Recent studies show increased risk of pancreatic cancer in individuals with non-O blood types (A, AB or B). This increased risk is likely associated with gene variants in the ABO and FUT2 genes, which alter the activity and specificity of glycosyltransferases. To examine this relationship, Wolpin and colleagues evaluated SNPs in ABO and FUT2 genes in cases and controls from 12 prospective cohort studies. They report that ABO allele subtypes corresponding to increased glycosyltransferase activity were indeed associated with increased pancreatic cancer risk and this risk was not significantly modified by the allele status of FUT2. It will be important to explore the mechanisms linking ABO glycosyltransferase activity and pancreatic cancer risk.
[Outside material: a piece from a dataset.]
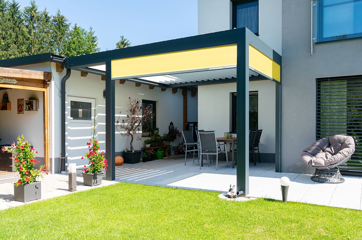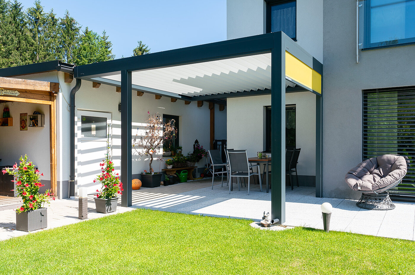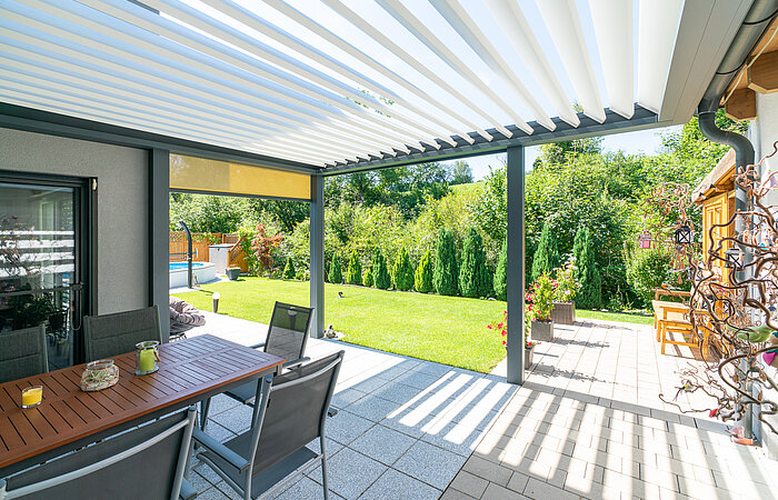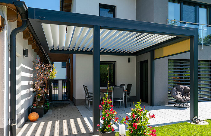 Durch die flexible Handhabung ist das Lamellendach eine Bereicherung für jede Terrasse.

Replication studies of a potential colorectal cancer susceptibility locus (SNP rs719725 on chromosome 9p24) have been inconsistent, demonstrating an association in some populations but not in others. To investigate this, Kocarnik and colleagues examined the impact of rs719725 on both colorectal adenoma and colorectal cancer in four well-characterized study populations. They report that SNP rs719725 was significantly associated with colorectal cancer risk in one population, marginally associated with colorectal adenoma risk in another population, and not associated with either in two other populations. These findings provide additional support for an association between variation at 9p24 and colorectal neoplasia but warrant further replication studies in other populations.

Age-specific HPV incidence peaks in late adolescence, corresponding with the initiation of sexual activity. In recent years, a second peak in HPV prevalence has been observed among older, postmenopausal women. To explore this second HPV peak, González and colleagues evaluated the sexual behaviors and cellular immune responses of HPV positive women aged 45–75 years old. The study found that women with more sexual partners and with reduced in vitro immune responses were at higher risk of HPV infections. These studies suggest that HPV infections among older women are associated with current and past sexual exposures and possibly with immune senescence.